Our shoes may have been holey, our pants too short, and our shirts hand-me-downs, but there was always something new under the Christmas tree.
We were a family on welfare: two adults and six children. Yet there was not one giftless Christmas during my early childhood. My parents were most likely in cahoots with the charitable organizations in town, like the Council of Christmas Cheer. Or maybe they worked extra jobs. Or it could have been our kind neighbors. Mom and Dad were frequent pawn shop users, so perhaps that’s how the money came into their hands.
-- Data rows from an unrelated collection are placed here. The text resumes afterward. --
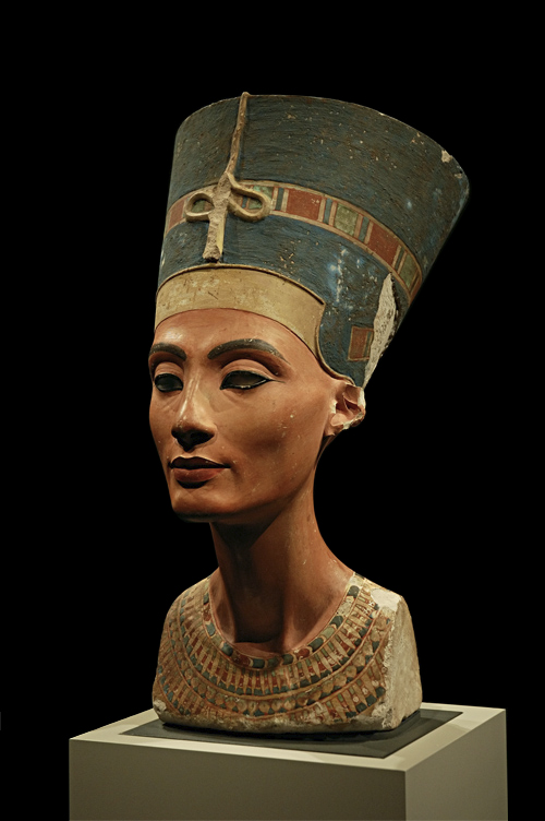 Bust of queen Nefertiti in the Neues Museum, Berlin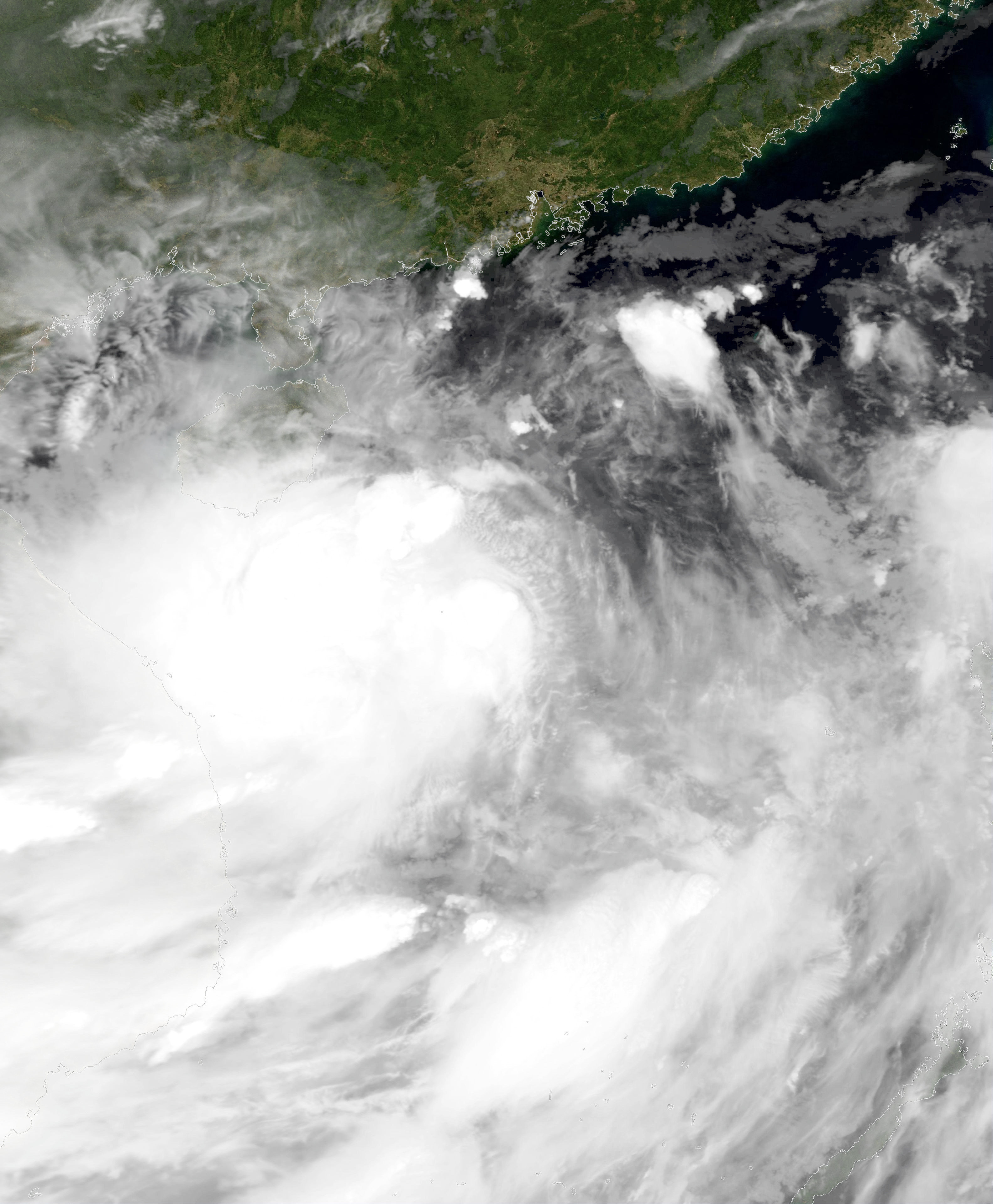 Tropical Storm Podul on August 28, 2019.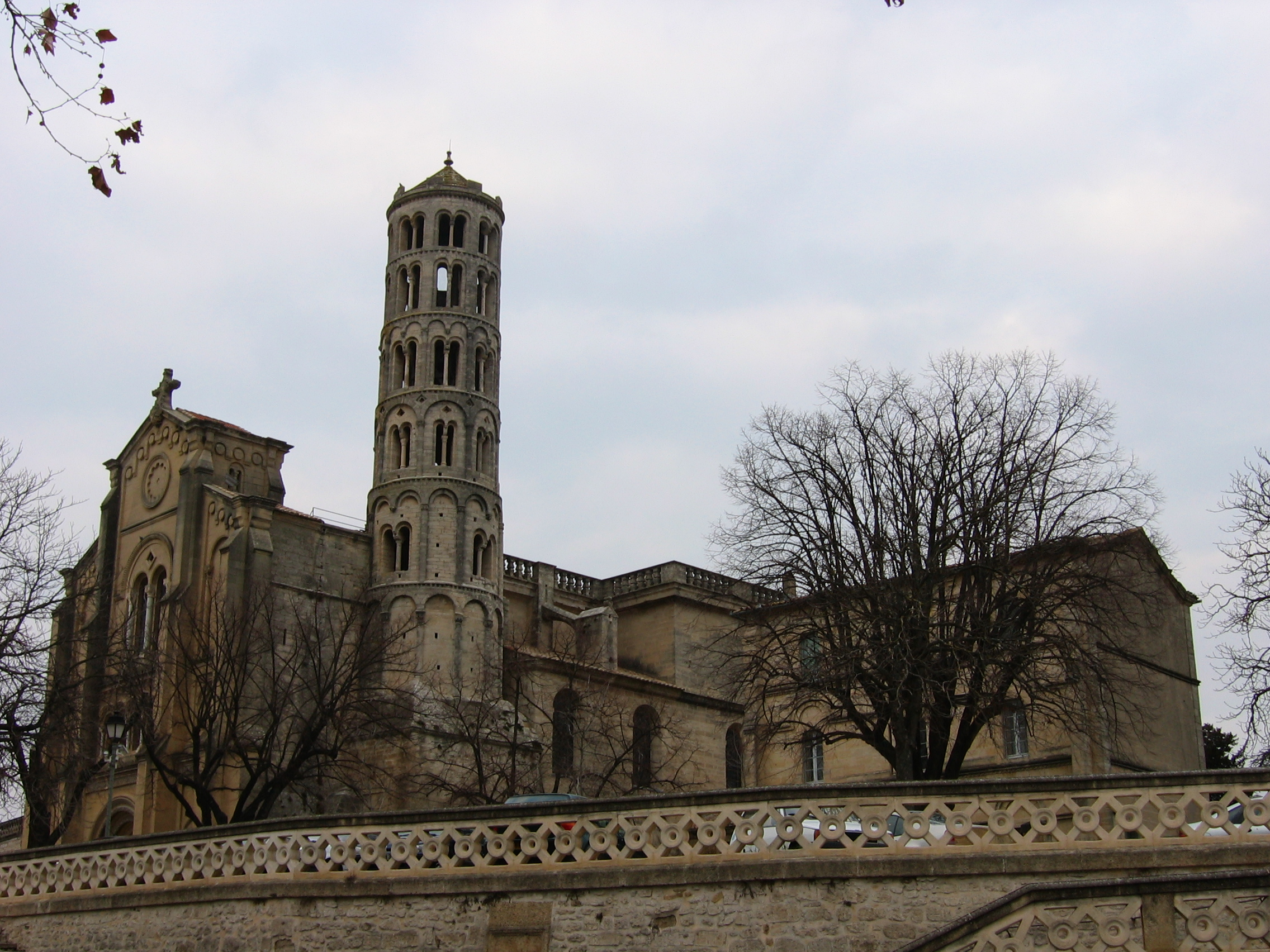 Photo taken by Poppy in January 2006. Uzès - Castle : Cathedral Saint Théodorit.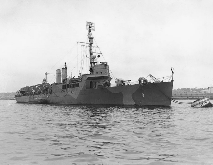 The U.S. Navy high speed transport USS Gregory (APD-3) in port, circa early 1942.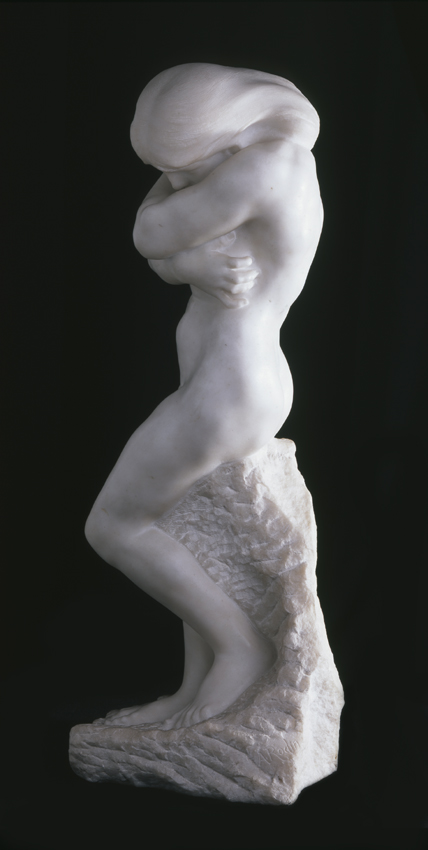 Depicted person: Eve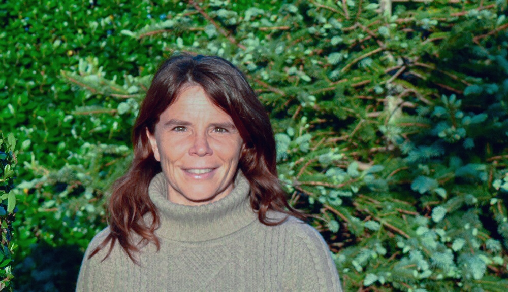 Photo of Jennifer Wilcox, chemical engineer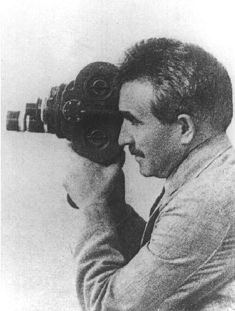 Ya'ackov Ben-Dov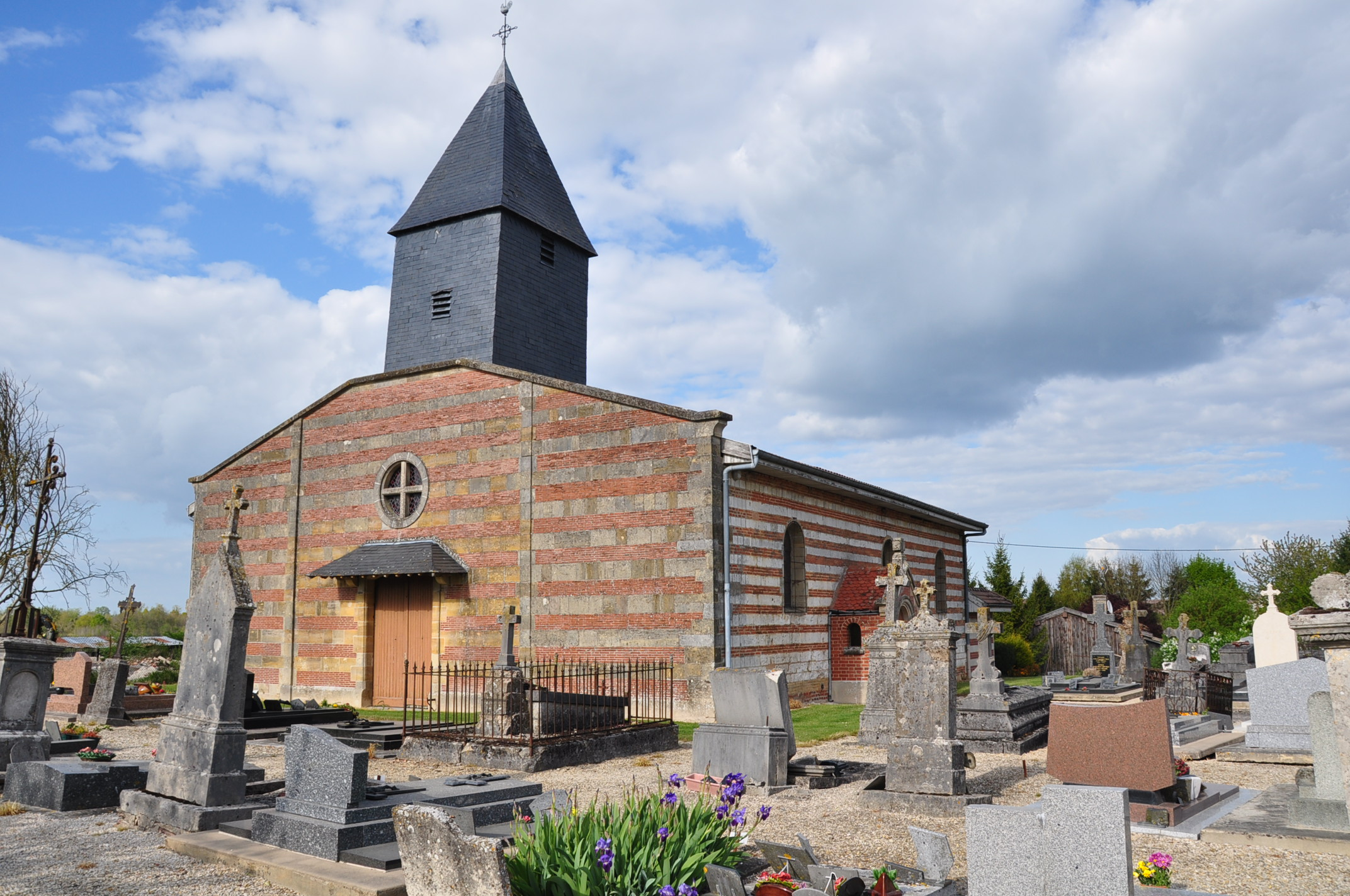 The church of Sivry (municipality Sivry-Ante, Marne department, Champagne-Ardenne region, France).

But on one particular Christmas morning, all I cared about was that Santa Claus had visited and left more toys than I had ever seen. There was no unwrapping to do, no tags with names. Just a sea of goodness for us all to share and enjoy: Lincoln Logs, Tinker Toys, Etch-a-Sketch. Coloring books and reading books. Building blocks. Army men. Marbles. Jacks. Dolls.
I plopped on the living room floor next to my brother Norman and looked around at the loot. And then I saw it: a gun with spring-action, rubber-tipped darts. I wanted that toy for my own and let Norman know it. “You can’t have it. It’s mine.” He nodded, and I placed it with the pile I had collected and moved on.
In the midst of Christmas joy and playing a game with another sibling, I heard my name. I looked up and BAM! I was hit in the eye with one of the darts. Norman had decided — for a reason only a 6-year-old could have — that it was time to see how well the dart gun worked.
I was hot with anger and my eye was on fire.
I let out a great howl.
Mom tried to console me, while I tried to understand why my brother had to take the toy I wanted and injure me at the same time. Plus he was laughing about the accuracy of his shot.
I would have punched him if I could have seen him.
Norman’s laughing didn’t last for long, though, because Mom threatened him with the “switch.” She scooted me towards another toy and the drama was over.
Norman’s meanness was forgotten, my eyeball stayed in its socket, and a silly Christmas memory was born and has stayed with me to this day.